A. [OPTION] Build GnuPG for OpenVMS

   The GnuPG images (GPG_ALPHA.EXE & GPGV_ALPHA.EXE for Alpha and
   GPG_VAX.EXE & GPGV_VAX.EXE for VAX) are included in this kit.

   To execute/build the GPGKEYS_LDAP tool in [.KEYSERVER], the LDAP shareable 
   image (LDAP$SHR.EXE) is required in SYS$LIBRARY.  If it doesn't exist,
   copy it from the [GNUPG.VMS] directory to SYS$LIBRARY.

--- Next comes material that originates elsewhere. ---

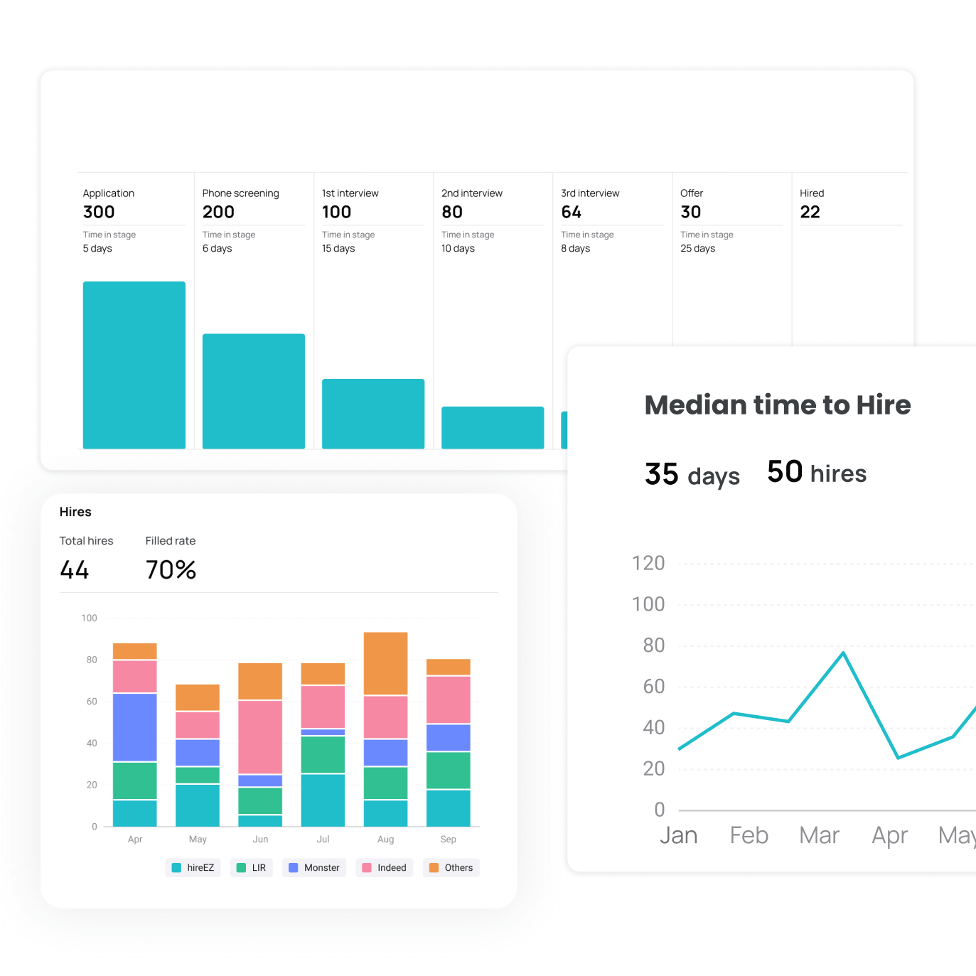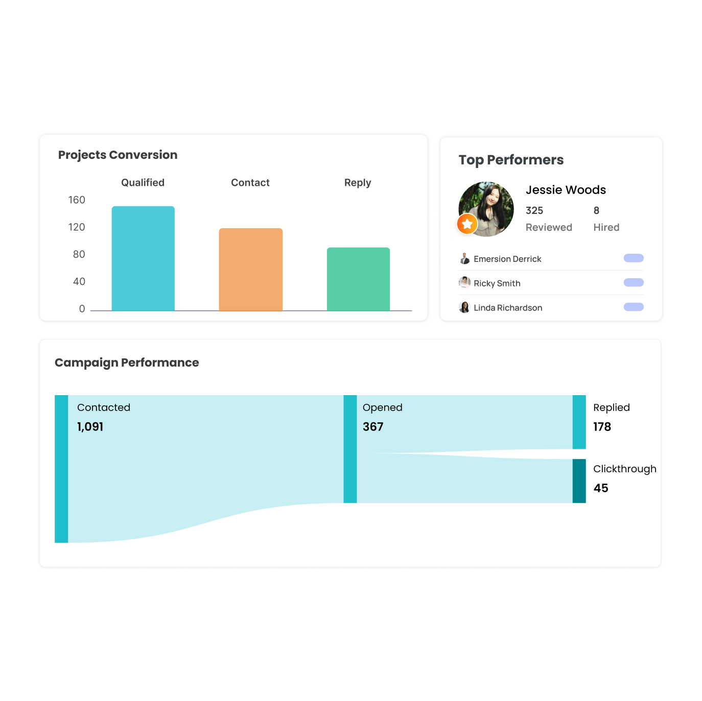 Custom dashboards and automated reports let you monitor recruiter adoption, conversion rates, and hiring outcomes across teams and geographies.

   If you wish to build new GnuPG images on your system, follow the 
   instructions below:

   	- Move to the "VMS" directory ($ set default [.GNUPG-1_2_3.VMS])
   	- @BUILD_GNUPG.COM

   New images will be created in [.GNUPG-1_2_3.G10] after completing this
   build command procedure.

   !!!!!!!!!!!!!!!!!!!!!!!!!!!!!!!!!!!!!!!!!!!!!!!!!!!!!!!!!!!!!!!!!!!!!!!!!!
   !! compilation issues
   !!!!!!!!!!!!!!!!!!!!!!!!!!!!!!!!!!!!!!!!!!!!!!!!!!!!!!!!!!!!!!!!!!!!!!!!!!

   1. If a compiler warning "%CC-W-PTRMISMATCH" appears during building GnuPG,
      replace "/warn=(disable=PTRMISMATCH1)" with "/warn=(disable=PTRMISMATCH)"
      in BUILD_GNUPG.COM.

   2. "%CC-I-XXXXX" messages are informational, not a warning or an error.